Regardless, you're whistling in the wind here. 'Beth-lore' is that the Temple collapses. There's even a plausible explanation. Vivec said 'I'm gonna tell the priests the game's up, and then I'll head off to some other dimension to chill'. He does this, subsequently Lexie and Sil die. He sees no point in not letting the priests know, tells them. This is basically what the game suggests happens.
That Vivec told the populace is the only even semi-plausible explanation, but from the 3rd PGE we can easily infer that that didn't happen (and nowhere does the game basically suggest that it happened):
"Dagoth Ur and two members of the Tribunal, Almalexia and Sotha Sil, were destroyed in the Nerevarine's fury.
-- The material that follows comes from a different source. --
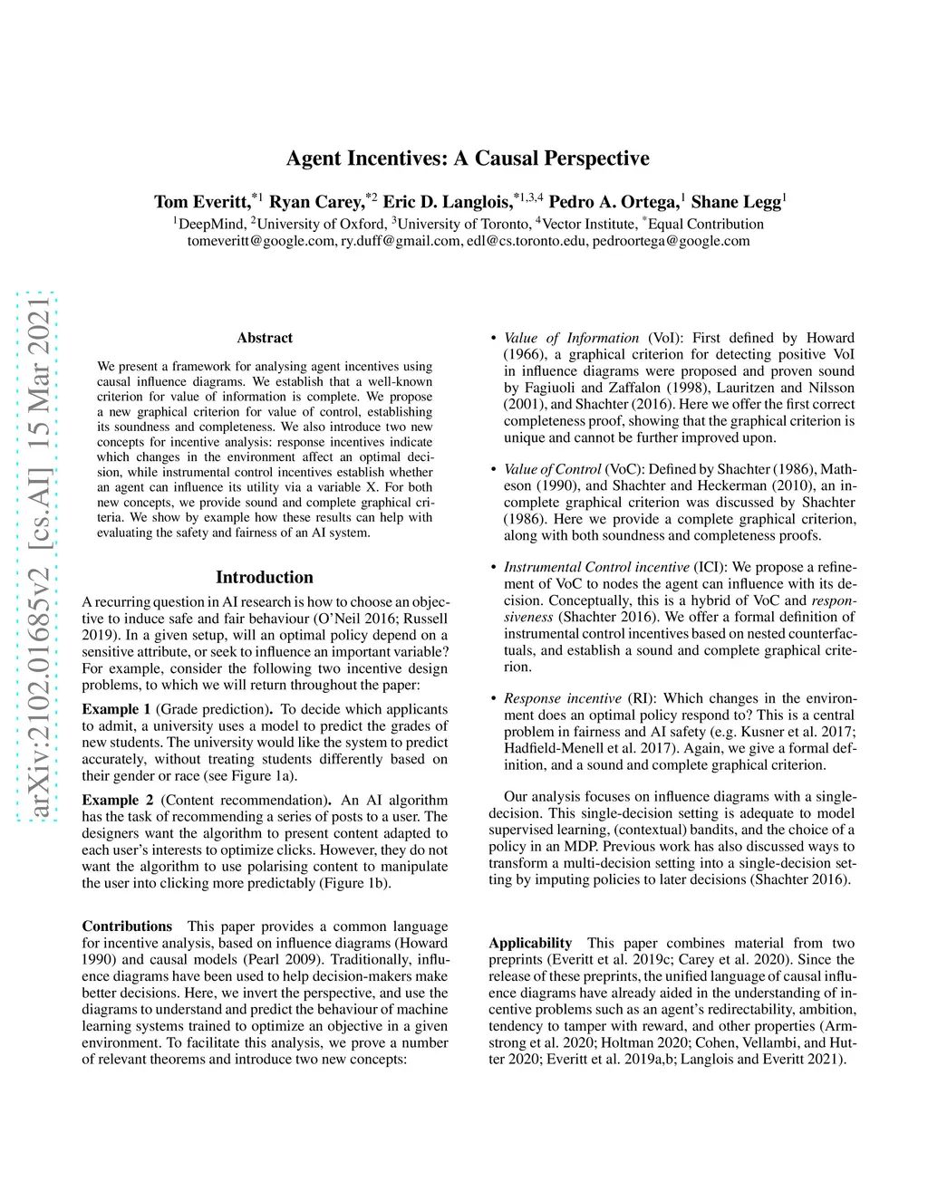 We present a framework for analysing agent incentives using causal influence diagrams. We establish that a well-known criterion for value of information is complete. We propose a new graphical criterion for value of control, establishing its soundness and completeness. We also introduce two new concepts for incentive analysis: response incentives indicate which changes in the environment affect an optimal decision, while instrumental control incentives establish whether an agent can influence its utility via a variable X. For both new concepts, we provide sound and complete graphical criteria. We show by example how these results can help with evaluating the safety and fairness of an AI system.

Vivec too may have been killed, but his fate is currently undetermined."http://www.imperial-library.info/pge3/morrowind.shtml
They don't know what Vivec's fate is or whether or not the Nerevarine even killed him, so I'm pretty sure we can say for certain that Vivec hasn't been making any public announcements - afterall, if he'd been the one to relay the news of Ayem & Seht's death then surely they know he whether he was alive.
So, what do we come away with. Vivec didn't tell them based both on the above quote along with the fact that doing so would openly contradict his goals. Helseth & the Queen Mother are the only other people that knew, and they wouldn't be believed; the people already think he killed his predecessor, he's known to be at odds with the Temple, and he's a foreigner, not exactly a good source regarding the state of the Tribunal as he's obviously biased and untrustworthy, plus if the people won't believe the Nerevarine they're not going to believe Helseth. The Nerevarine is the only person that could provide proof as he's the only one capable of accessing the Clockwork City, but it can't be waived off as the Nerevarine having done it simply due to the fact that the Nerevarine didn't canonically do anything outside the Main Quest. So basically it couldn't, wouldn't, and shouldn't have happened the way the devs say it did.
An argument suggesting that this is impossible is a rather hopeless endeavour. 'The Lore' clearly states what happened, and even justifies it. You could argue that that's not a good story, which, as I said, I agree with you on, but you can't argue that that's not the story.
I never argued that it wasn't the story. My entire premise throughout this thread has not been that it didn't happen, but that it shouldn't/wouldn't/couldn't happen if the devs had actually thought it through.